PL/SQL procedure successfully completed

The major difference is the number of rows sorted! The CONNECT BY NO FILTERING WITH START-WITH sorts all 100K rows. This is a surprise, because normally when you sort, you use memory from the PGA workarea, which shows up in your memory statistics from your execution plan. But the no filtering plan did not show those statistics (OMem, 1Mem, Used-Mem). I have no explanation for this phenomenon yet.

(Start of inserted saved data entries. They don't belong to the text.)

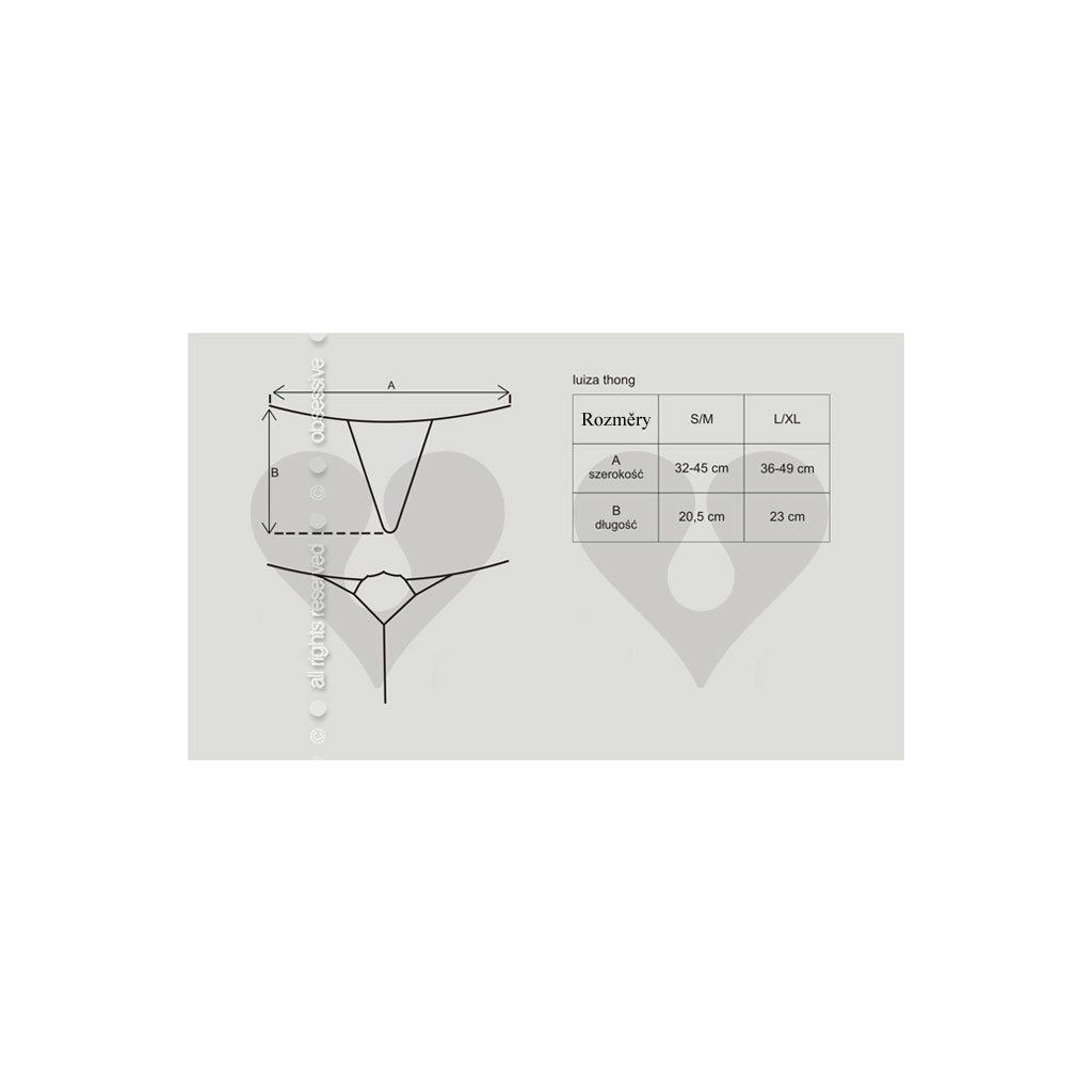Elegantní tanga Obsessive Luiza Thong vyrobena z elastické látky s květinovou výšivkou, která krásně ozdobí váš zadeček. Přední díl je síťovaný.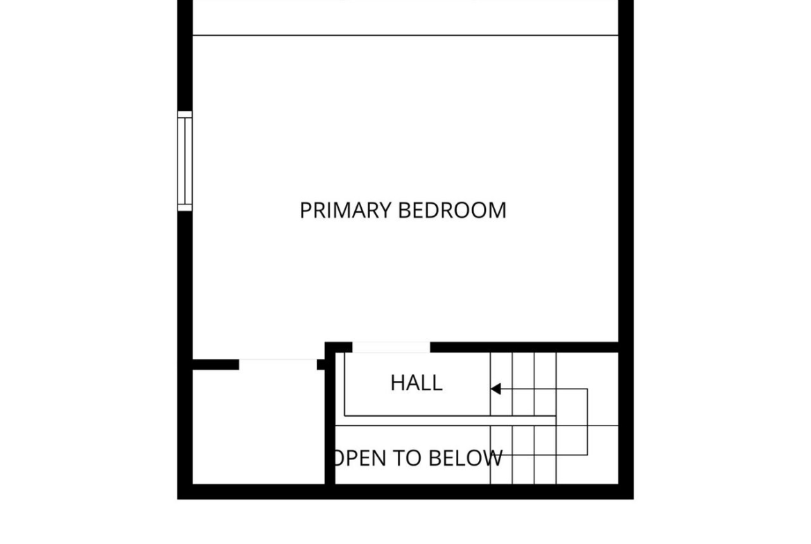 (Mezzanine): Elevated bedroom space with wood flooring and attic access.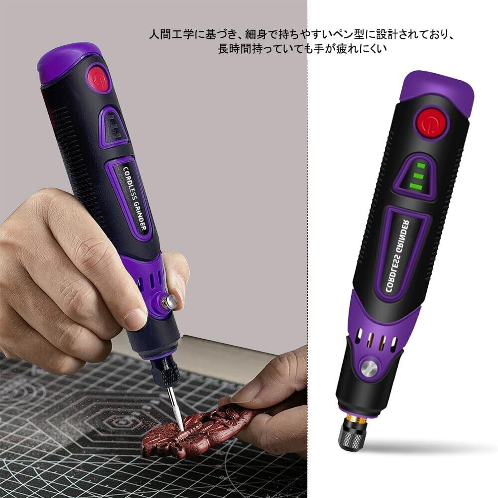 【人間工学設計】ミニルーターは人間工学に基づき、細身で持ちやすいように設計されており、長時間持っていても手が疲れにくい、細かい動きや不便なところでも処理ができる優れものです。ペン型のコンパクトなサイズ(145*30*28mm)、わずか108g軽量の設計で、どこにでも持ち運ぶことができます。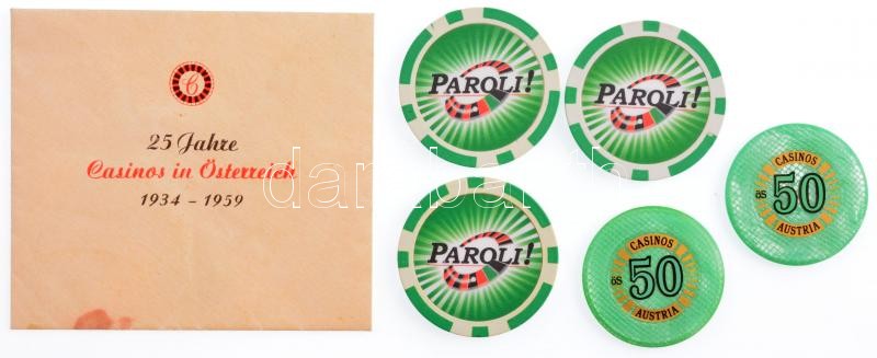 Ausztria DN 5db-os műanyag kaszinózseton-tétel + 1959-es díszboríték a... https://www.darabanth.com/de/416-Fernauktion/416.0/Numismatik/Notgeld-aus-Papier-und-Metall~1500006/Ausztria-DN-5db-os-muanyag-kaszinozseton-tetel-plus-1959-es-diszboritek-az-osztrak-kaszinok-25~II2619352

Let's zoom in on the sorting:

SQL> select sn.name
2 , ms.value
3 from v$mystat ms
4 , v$statname sn
5 where ms.statistic# = sn.statistic#
6 and sn.name like '%sort%'
7 /

NAME VALUE
----------------------- ----------
sorts (memory) 2278
sorts (disk) 0
sorts (rows) 9425510

3 rows selected.

SQL> select id
2 , parent_id
3 , sys_connect_by_path(id,'->') scbp
4 from t
5 connect by parent_id = prior id
6 and indicator = 'N'
7 start with parent_id is null
8 /

ID PARENT_ID SCBP
---------- ---------- --------------------------------------------------
0 ->0
3 0 ->0->3
33 3 ->0->3->33
333 33 ->0->3->33->333
3333 333 ->0->3->33->333->3333
33333 3333 ->0->3->33->333->3333->33333

6 rows selected.

SQL> select sn.name
2 , ms.value
3 from v$mystat ms
4 , v$statname sn
5 where ms.statistic# = sn.statistic#
6 and sn.name like '%sort%'
7 /

NAME VALUE
----------------------- ----------
sorts (memory) 2286
sorts (disk) 0
sorts (rows) 9425522

3 rows selected.

SQL> select /*+ no_connect_by_filtering */ id
2 , parent_id
3 , sys_connect_by_path(id,'->') scbp
4 from t
5 connect by parent_id = prior id
6 and indicator = 'N'
7 start with parent_id is null
8 /

ID PARENT_ID SCBP
---------- ---------- --------------------------------------------------
0 ->0
3 0 ->0->3
33 3 ->0->3->33
333 33 ->0->3->33->333
3333 333 ->0->3->33->333->3333
33333 3333 ->0->3->33->333->3333->33333

6 rows selected.

SQL> select sn.name
2 , ms.value
3 from v$mystat ms
4 , v$statname sn
5 where ms.statistic# = sn.statistic#
6 and sn.name like '%sort%'
7 /

NAME VALUE
----------------------- ----------
sorts (memory) 2288
sorts (disk) 0
sorts (rows) 9525523

3 rows selected.

So CONNECT BY WITH FILTERING did 8 sorts (2286 - 2278) and sorted 12 rows (9425522 - 9425510), whereas CONNECT BY NO FILTERING WITH START-WITH did 2 (2288 - 2286) sorts and sorted 100,001 rows (9525523 - 9425522).

And finally, I promised to explain why the first two queries of this blogpost are identical, but show a different execution plan. The reason is simple: the first one is executed on 10.2.0.4 and the second one on 11.2.0.2.